Judy Collins has never been shy about talking about her alcoholism, but she’s never before shared the stories of the ways that her food addiction and eating disorders nearly killed her. Cravings: How I Conquered Food (Nan Talese/Doubleday) is a strange little book in its own way, part memoir and part history of food control movements—from Lord Byron’s diets to Weight Watchers—in which Collins preaches with the zeal of an evangelist about her healing from her own food addictions. Early in the book she describes her attempts to overcome her obsession with food and what it took to overcome it: “When I was controlled by food, my soul shrank and my fear grew. When I was abstinent, my soul grew and my body shrank. When I was in the depths of my eating disorder, not only was I obsessed with food but my mind never stopped. The chatter, the talk, the back and forth, the internal argument was never-ending. The peace of mind, quiet, and serenity that I prayed for from the depths of my illness came with surrender. It is something for which I am eternally grateful.”
Looking back, Collins recognizes the signs of her food obsession in her family and in her own behavior a child. “I knew early on that we were a family troubled by alcoholism and some kind of addiction to food.
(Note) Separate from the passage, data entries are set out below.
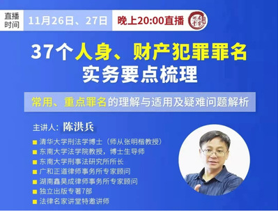 2021年11月26日、27日晚,yl23455永利官网教授、博士生导师陈洪兵应“法律名家讲堂”的邀请,进行专题为《37个人身、财产犯罪罪名实务要点梳理》的公益直播授课。本次直播授课吸引了众多刑法爱好者参与观看,在线观看高达15600余人次!
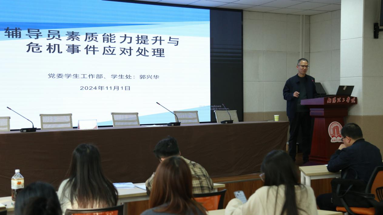 开营仪式结束后,党委学生工作部部长郭兴华以《辅导员素质能力提升与危机事件应对处理》为题,为训练营作第一讲。
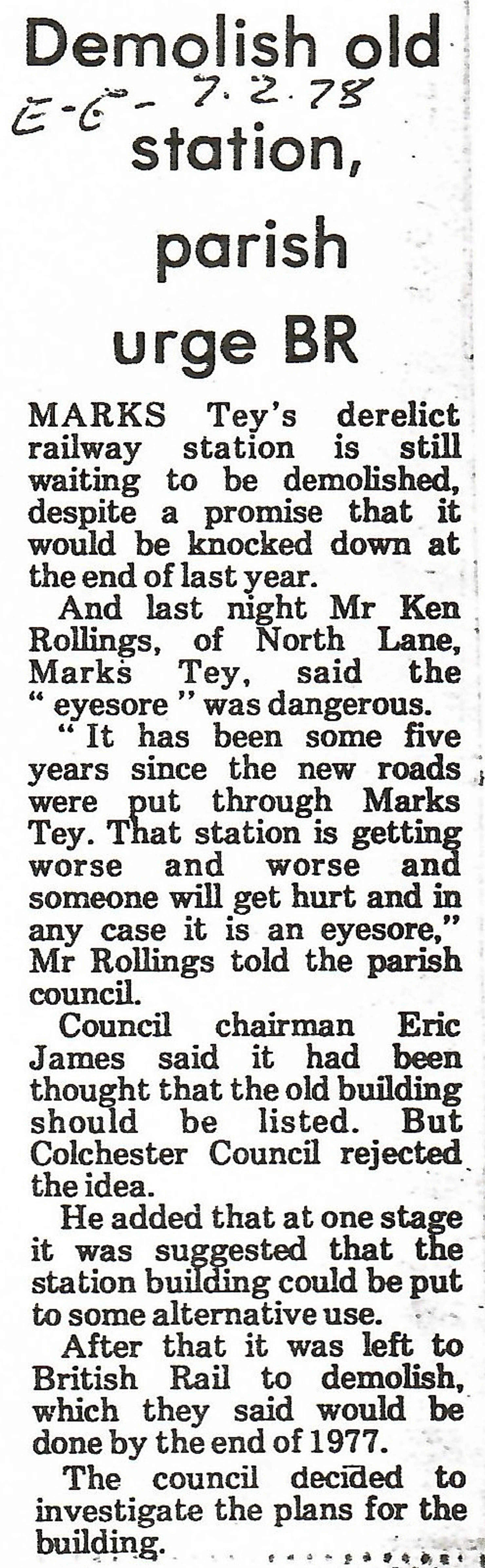 Newspaper report regarding plans for the derelict old station at Marks Tey.

There we arguments about the liquor cabinet—Mother would lock it up and Daddy would break the lock in the middle of the night. And I have come to understand that the effects of addiction are not limited to the drinker or eater but have an impact on the entire family.”
At the same time that Collins is licking spoons in the kitchen as her mother bakes all sorts of pies or makes candy, she discovers her passion for music and reading, ignited in part by her father’s beautiful singing on his radio show in Denver and his reading to her from War and Peace and other weighty tomes of history. (Her father thought that if a person had not read Moby-Dick by the time she or he was seven, then there must be something wrong with the person.) Collins follows in her father’s footsteps in her obsession with music and reading, and Collins strides after her mother as she develops an obsession with food. She follows her father, “beginning with music and the piano lessons, and soon with the passion for alcohol and sugar. I was transfixed by the desserts my mother whipped up…from the age of three I knew that nothing could make me happier than devouring sugar in any form, at any time…Sugar fueled my race through life. It was the beginning of my dance with the devil.”
Collins weaves the stories of “diet gurus”—from Gayelord Hauser, the man who invented the celebrity diet, and Jean Nidetch and Weight Watchers, to Adelle Davis, and Jean Harris and the Scarsdale Diet, among others—into her own journey. As an inveterate reader, Collins devotes separate chapters to these various diet gurus to find out more about them and why they chose to try to lead the way to health in their times and their own lives. While these interludes are often interesting—Herman Taller, for example, advised dieters in the early sixties to eat three full meals a day and to include large portions of fried chicken, cheesecake, and mayonnaise in their meals in his then-popular book Calories Don’t Count.
After struggling to overcome her addiction in many programs, Collins discovers GreySheeters Anonymous, attends their meetings, and in December 1982—after eleven years of active bulimia—she gets up, embarks on this program, never to return to cravings and her obsession with staying thin. After sharing intimately her struggles with food addiction, Collins shares her joy in having discovered a path to recovery and she invites her readers to find their own paths. Joyously, Collins declares that the energy level she has today is amazing, even to her. “Recovery began with a simple plan,” she writes, “an adherence to a way of life that was given to me in the Anonymous programs…I believe I have found a fountain of youth.”
In September 2017, Collins released a new album with her long-time friend, Stephen Stills. It’s clear from the music on the album that Collins’ indeed radiates an energy and a passion for music, and her voice is stronger than ever. Cravings can sometimes get a little preachy, and it often slips into a bit of New Age spirituality, but Collins honesty and her joy in her new life imbues the memoir with a brilliance that shines brightly despite its flaws.